Re: I'd like to discuss scaleout at PGCon - Mailing list pgsql-hackers

From MauMau
Subject Re: I'd like to discuss scaleout at PGCon
Date
Msg-id CALO4oLMq9UYGa6PXs54j507F5oLj1q=8-Rdk=6Gd_+YMFYNOtg@mail.gmail.com
Whole thread Raw
In response to Re: I'd like to discuss scaleout at PGCon  (Robert Haas <robertmhaas@gmail.com>)
Responses Re: I'd like to discuss scaleout at PGCon
Re: I'd like to discuss scaleout at PGCon
List pgsql-hackers
2018-05-31 22:44 GMT+09:00, Robert Haas <robertmhaas@gmail.com>:
> On Thu, May 31, 2018 at 8:12 AM, MauMau <maumau307@gmail.com> wrote:
>> Oh, I didn't know you support FDW approach mainly for analytics.  I
>> guessed the first target was OLTP read-write scalability.
>
> That seems like a harder target to me, because you will have an extra
> hop involved -- SQL from the client to the first server, then via SQL
> to a second server.  The work of parsing and planning also has to be
> done twice, once for the foreign table and again for the table.  For
> longer-running queries this overhead doesn't matter as much, but for
> short-running queries it is significant.

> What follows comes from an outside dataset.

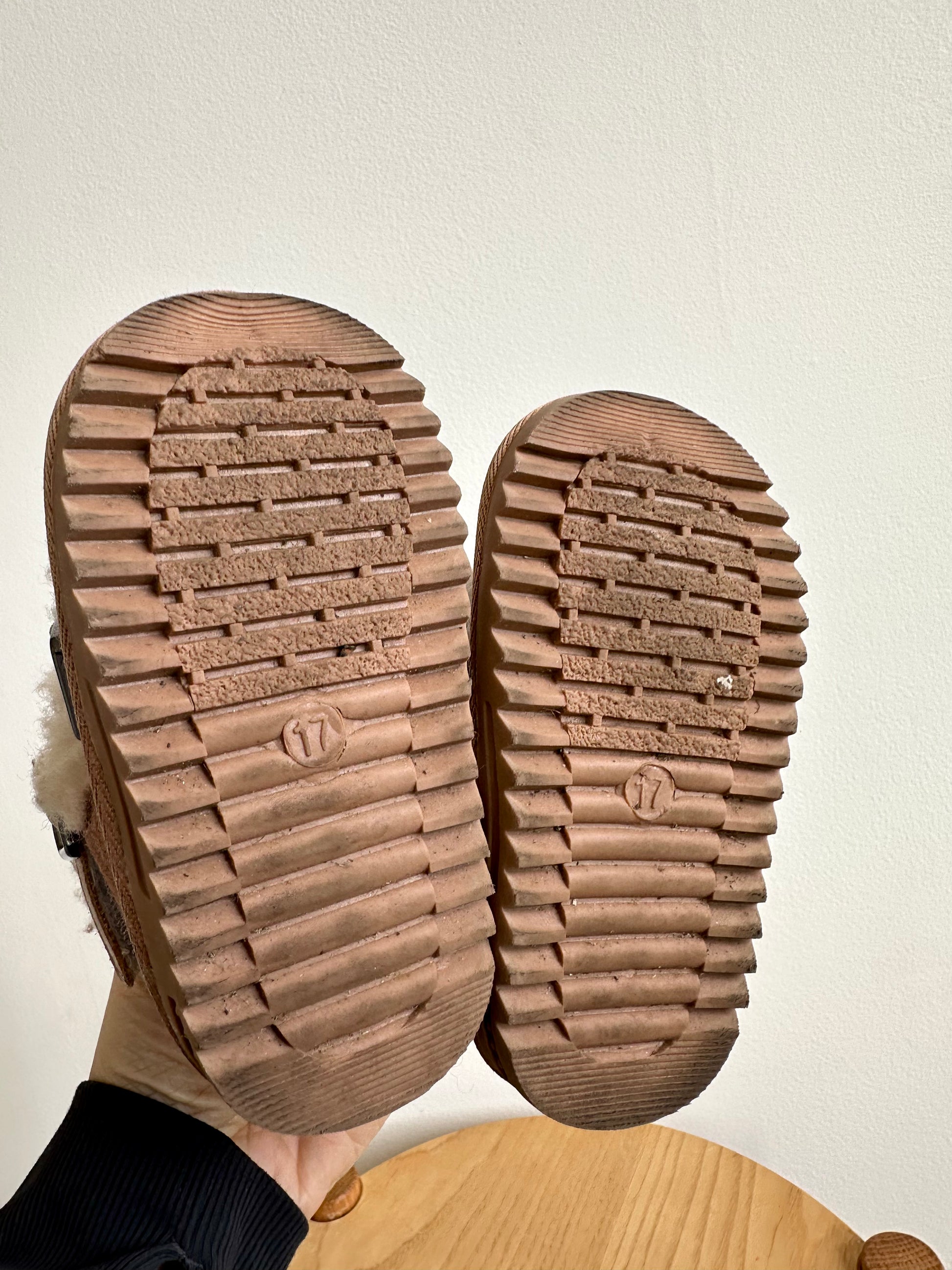 Condition: Good, light wear. Size says 17, which is equivalent to 2-2.5 infant.

Yes, that extra hop and double parsing/planning were the killer for
our performance goal when we tried to meet our customer's scaleout
needs with XL.  The application executes 82 DML statements in one
transaction.  Those DMLs consist of INSERT, UPDATE and SELECT that
only accesses one row with a primary key.  The target tables are only
a few, so the application PREPAREs a few statements and EXECUTEs them
repeatedly.  We placed the coordinator node of XL on the same host as
the application, and data nodes and GTM on other individual nodes.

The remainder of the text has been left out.